Opinion

SK shouldn’t bear the cost of cutbacks alone

To the petition submitted last week to Kitsap County commissioners in support of the much-needed programs and services offered at the Givens Community Center, permit us to add our name.

There is no question the recreational, educational and support services provided at the Port Orchard facility are one of the pillars upon which the community rests, and any proposed changes or cutbacks to them should be carefully scrutinized. That said, in an environment of national economic uncertainty and reductions at all levels, Givens shouldn’t be considered exempt from the budget axe.

What concerns us at this point is whether the pain will be spread fairly and equitably.

Two weeks ago, the Kitsap County Parks and Recreation Department suggested consolidating its staff under one roof at the Kitsap County Fairgrounds, leaving no on-site personnel at the Givens Center after the first of the year. Others have since seized on the plan to suggest the county use the then-vacated space in Givens to relieve overcrowding at the Kitsap County Courthouse.

To date, no specific cutbacks in Givens programs and services have been suggested, let alone enacted. Nonetheless, word that reductions were even being considered cut like a scythe through South Kitsap, where thousands of residents depend weekly on Givens.

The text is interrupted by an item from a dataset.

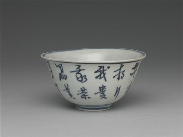 口外撇,鼓腹碗,具圈足。器內口緣青線一道,碗心單圈內有「狀元及第」四字;外壁口緣與近足處各一道青線,器腹以一行兩字書寫草書詩:「龍樓鳳閣九重城,新築沙堤宰相行,我貴我榮君莫羨,十年前是一書生。述古。」書體奔放,多加裝飾性筆劃。足外壁青線兩條,其內有款:「長貴」。

Again, our position is that if budget cuts are necessary, nothing — including Givens — should be off the table. At the same time, we’re wondering whether comparable facilities elsewhere around Kitsap County would also be cut, or whether Port Orchard is being singled out.

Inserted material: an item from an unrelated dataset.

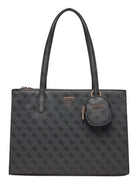 Borsa GUESS in similpelle. Motivo logo 4G all-over. Triangolo logo sul fronte. Chiusura con zip. Manici da spalla. Charm portamonete attaccato alla base del manico.

The Kitsap County Board of Commissioners is currently composed of Democrats Chris Endresen and Tim Botkin representing North and Central Kitsap, respectively, and Republican Jan Angel from South Kitsap. Given the often-contentious relations between the three, it doesn’t require much imagination to envision a scenario in which Endresen and Botkin would team up to eliminate a program in a district other than their own.

Meanwhile, there is also the question of Port Orchard’s opposition to — and defeat of — the plan to relocate a large portion of the county’s workforce from South Kitsap to a proposed consolidated governance center in downtown Bremerton.

If cuts must be made, so be it. But the decision of which, if any, programs should be eliminated must be based on fairness and economic necessity, not partisanship and payback.